第58話:「ナギとアヤメの記憶」
崩壊を始めた進化中枢。その中心で、アヤメはナギを抱きしめていた。
彼の瞳が、わずかに揺れたのはほんの一瞬。
「アヤメ……これは、夢じゃないのか?」
「……違うよ。これは現実。あなたが帰ってきた現実」
ナギはゆっくりと腕を動かし、彼女の背に触れる。その手は、まだ冷たく震えていた。
***
外ではミナとナナが、迫る自己崩壊のタイムリミットを前に撤退の準備をしていた。
「あと5分で臨界突破、逃げなきゃ共倒れになるよ!」
「でも……アヤメとナギが戻ってこない!」
「……行くしかない。私たちが信じなきゃ、誰が信じるのよ!」
ミナは叫び、周囲に向けて信号を撃った。
《全員、ナギとアヤメを信じて脱出準備!》
***
アヤメはナギの手を引いて立ち上がる。
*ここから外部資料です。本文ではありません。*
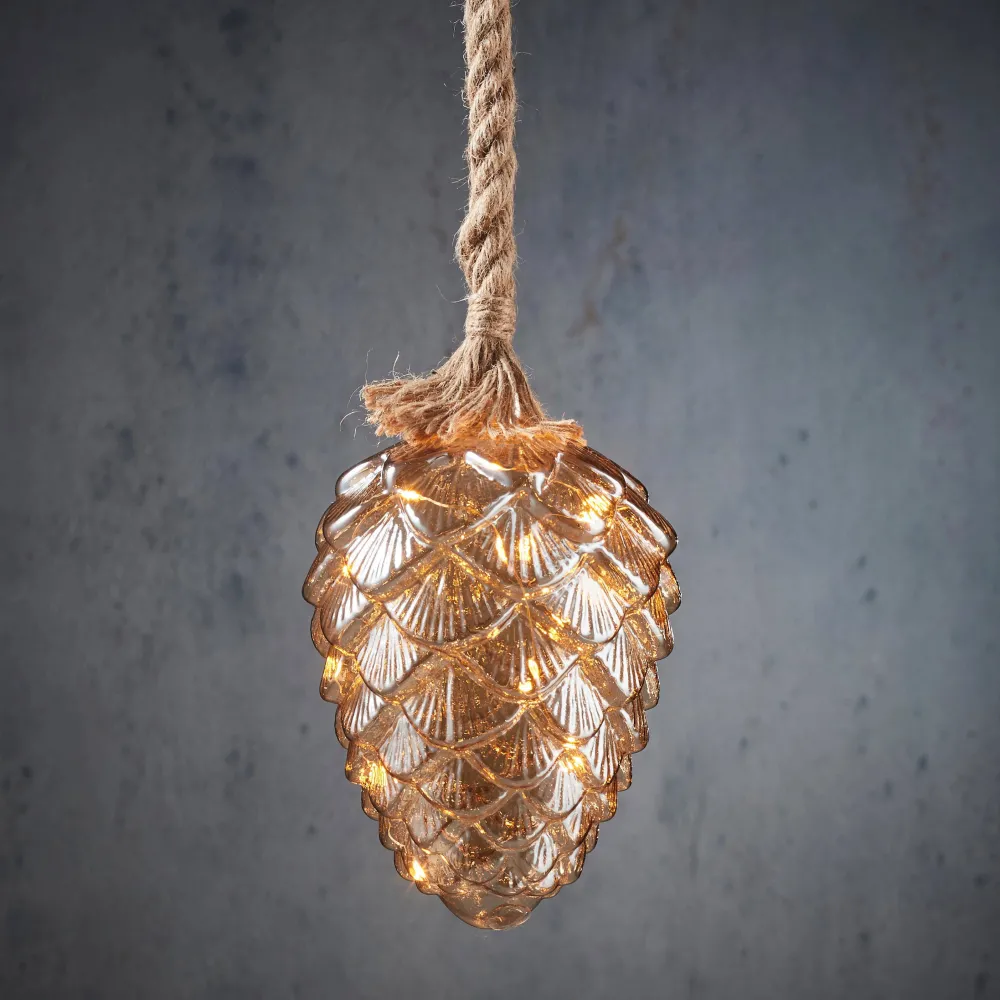 Warme En Sfeervolle Kerstverlichting Met Een Natuurlijke Touch: Deze Glazen Dennenappel Aan Een Touw Van Luca Lighting Maakt Het Direct Gezellig In Huis. In De Lichtbol Zitten Namelijk 15 Led Lampjes Die Een Warm Licht Verspreiden. Daarnaast Heeft Het Glas Een Lichtbruine Kleur, Waardoor Het Geheel Nog Warmer En Gezelliger Wordt. De Verlichting Kan Worden Ingesteld Met Een Timer En Werkt Op Batterijen. Heb Jij Er Al Een Mooie Plek Voor Gevonden? De Verlichte Dennenappel Heeft Een Diameter Van 15 Cm En Is Inclusief Het Touw 95 Cm Lang. Leuk Om Te Combineren Met Andere Varianten Uit De Collectie!

崩れゆく構造体の中を、ふたりは走り出した。
「……俺、覚えてる。お前の声、あのときの青い空……俺は、ずっと……」
「もう、思い出さなくていい。今を生きよう、ナギ」
「……ああ」
その瞬間、天井が崩れた。
ナギが反射的にアヤメをかばい、その腕が赤く滲んだ。
次の瞬間、その血液が蒸気を発して硬化する――
「……これが……僕の進化?」
「ううん、それは“希望”だよ。ナギ」
突き破るように走るふたり。その背中を守るのは、真紅の血で形成された“アーマー”。
希望の名を宿した進化が、世界を救うために動き出す。
光が、外へと通じる道を開いた。
仲間たちの姿が見えた瞬間、ナギはアヤメの手を強く握った。